GILLES DE RAIS, héros et salaud

GILLES DE RAIS, héros et salaud

Jeune chevalier, il connaît son heure de gloire en combattant aux côtés de Jeanne d'Arc. Mais, une fois sa guerre contre les Anglais terminée, il se retrouve accusé des plus infâmes agissements. Chronique d'une incroyable descente aux enfers.

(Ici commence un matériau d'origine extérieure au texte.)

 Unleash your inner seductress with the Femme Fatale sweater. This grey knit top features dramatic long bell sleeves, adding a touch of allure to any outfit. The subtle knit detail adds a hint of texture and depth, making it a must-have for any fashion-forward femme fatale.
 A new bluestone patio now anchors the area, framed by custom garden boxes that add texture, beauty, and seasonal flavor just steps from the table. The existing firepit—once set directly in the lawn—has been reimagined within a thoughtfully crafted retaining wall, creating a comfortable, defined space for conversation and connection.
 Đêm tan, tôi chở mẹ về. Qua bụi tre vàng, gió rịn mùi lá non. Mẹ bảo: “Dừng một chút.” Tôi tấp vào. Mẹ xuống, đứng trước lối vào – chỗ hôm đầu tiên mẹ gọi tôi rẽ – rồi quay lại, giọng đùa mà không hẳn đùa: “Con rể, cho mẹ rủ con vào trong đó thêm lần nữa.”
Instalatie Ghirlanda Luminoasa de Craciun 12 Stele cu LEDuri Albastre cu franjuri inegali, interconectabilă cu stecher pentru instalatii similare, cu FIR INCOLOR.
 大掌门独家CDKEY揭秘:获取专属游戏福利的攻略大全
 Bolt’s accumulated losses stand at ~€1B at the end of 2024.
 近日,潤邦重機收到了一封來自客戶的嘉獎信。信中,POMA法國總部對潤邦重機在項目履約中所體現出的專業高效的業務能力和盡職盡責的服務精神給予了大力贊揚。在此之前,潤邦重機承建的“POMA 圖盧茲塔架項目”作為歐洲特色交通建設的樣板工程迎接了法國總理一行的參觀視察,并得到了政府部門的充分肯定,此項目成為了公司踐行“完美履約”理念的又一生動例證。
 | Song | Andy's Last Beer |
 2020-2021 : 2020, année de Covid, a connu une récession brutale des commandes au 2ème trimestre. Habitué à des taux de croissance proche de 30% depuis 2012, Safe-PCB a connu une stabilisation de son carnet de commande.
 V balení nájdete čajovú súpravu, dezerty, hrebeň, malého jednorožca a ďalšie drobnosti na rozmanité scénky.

Le 26 octobre 1440, au matin, une grande foule parcourt les rues de Nantes en procession, chantant et priant pour l'âme de Gilles de Rais, grand baron de Bretagne et maréchal de France, que l'on s'apprête à pendre et brûler en place publique. Convaincu d'avoir invoqué les démons, torturé, violé et tué des dizaines d'enfants, le monstre s'est cependant repenti et accepte de faire une mort édifiante. Bref, du beau spectacle !

La chute de Gilles de Rais est d'autant plus saisissante pour ses contemporains que sa carrière avait fort bien commencé. Né en 1404 ou 1405, il s'est retrouvé, par le hasard des héritages, à la tête d'un remarquable ensemble territorial, qui comprend, entre autres, la baronnie de Rais (aujourd'hui Retz, en Vendée), dépendant du duché de Bretagne, et de riches fiefs en Poitou et en Anjou. Au sommet de sa gloire, ces seigneuries lui rapportent environ 30 000 livres par an, ce qui en fait un seigneur de premier plan. Elles lui imposent aussi des choix délica ...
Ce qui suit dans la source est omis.